Work request:
In the data below, find the line containing "Wolves XI: (4-1-3-2): A" and the line containing "花壇のつもりが、いつの間にか野菜用 になっています。煉瓦の南縁(左側の 東西方向)より北は、春分の頃に陽が", then reproduce them and every line between, exactly. Omit pictures.

Listed entries:
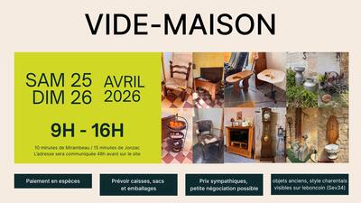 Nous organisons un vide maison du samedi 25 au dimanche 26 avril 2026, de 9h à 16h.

* * *

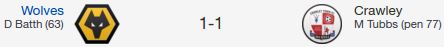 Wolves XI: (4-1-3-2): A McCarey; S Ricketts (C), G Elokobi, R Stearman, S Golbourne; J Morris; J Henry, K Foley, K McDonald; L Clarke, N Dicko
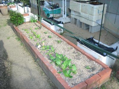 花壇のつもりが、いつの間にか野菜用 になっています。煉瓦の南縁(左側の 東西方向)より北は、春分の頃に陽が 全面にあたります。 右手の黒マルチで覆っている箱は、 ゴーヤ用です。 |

---

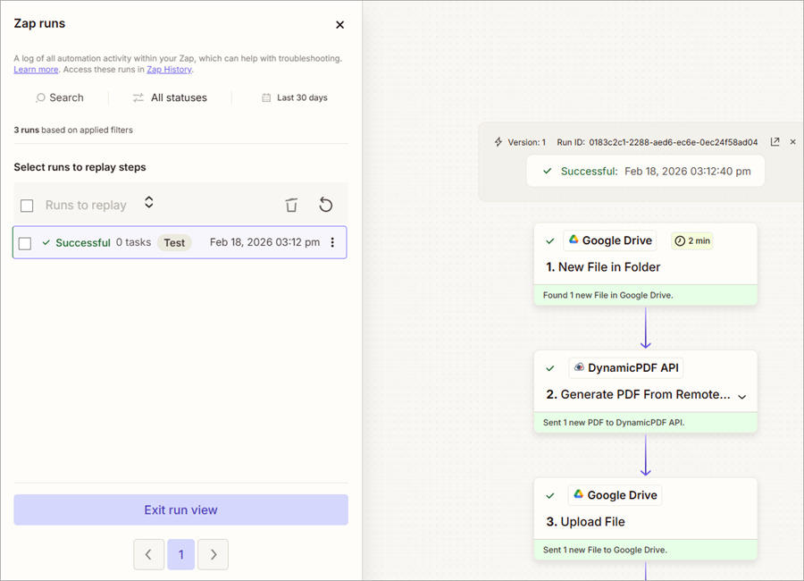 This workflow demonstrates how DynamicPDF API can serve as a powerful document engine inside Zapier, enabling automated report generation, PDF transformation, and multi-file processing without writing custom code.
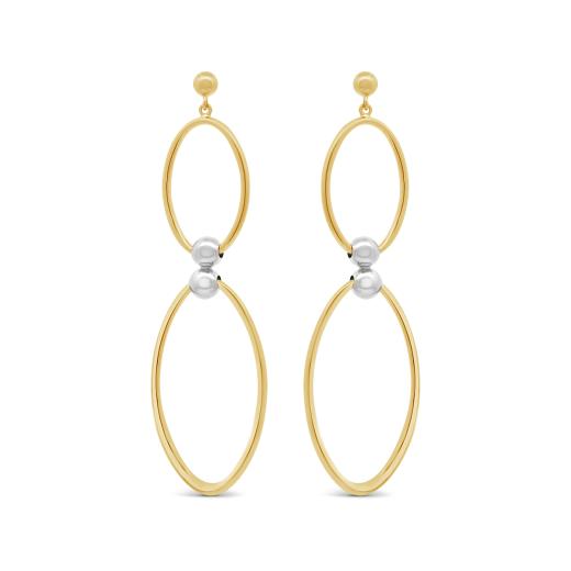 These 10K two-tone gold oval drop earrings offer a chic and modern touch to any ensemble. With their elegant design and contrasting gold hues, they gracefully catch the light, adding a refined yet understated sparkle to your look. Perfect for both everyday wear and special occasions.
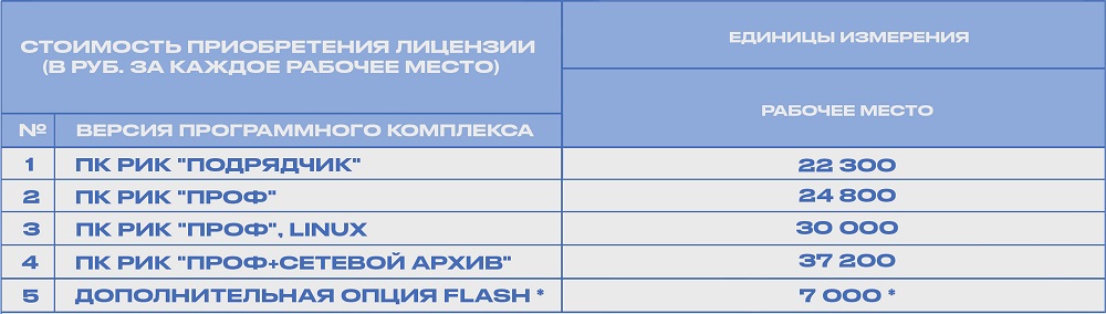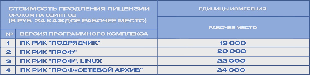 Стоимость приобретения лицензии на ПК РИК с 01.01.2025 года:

Result of this exercise:
 Wolves XI: (4-1-3-2): A McCarey; S Ricketts (C), G Elokobi, R Stearman, S Golbourne; J Morris; J Henry, K Foley, K McDonald; L Clarke, N Dicko
 花壇のつもりが、いつの間にか野菜用 になっています。煉瓦の南縁(左側の 東西方向)より北は、春分の頃に陽が 全面にあたります。 右手の黒マルチで覆っている箱は、 ゴーヤ用です。 |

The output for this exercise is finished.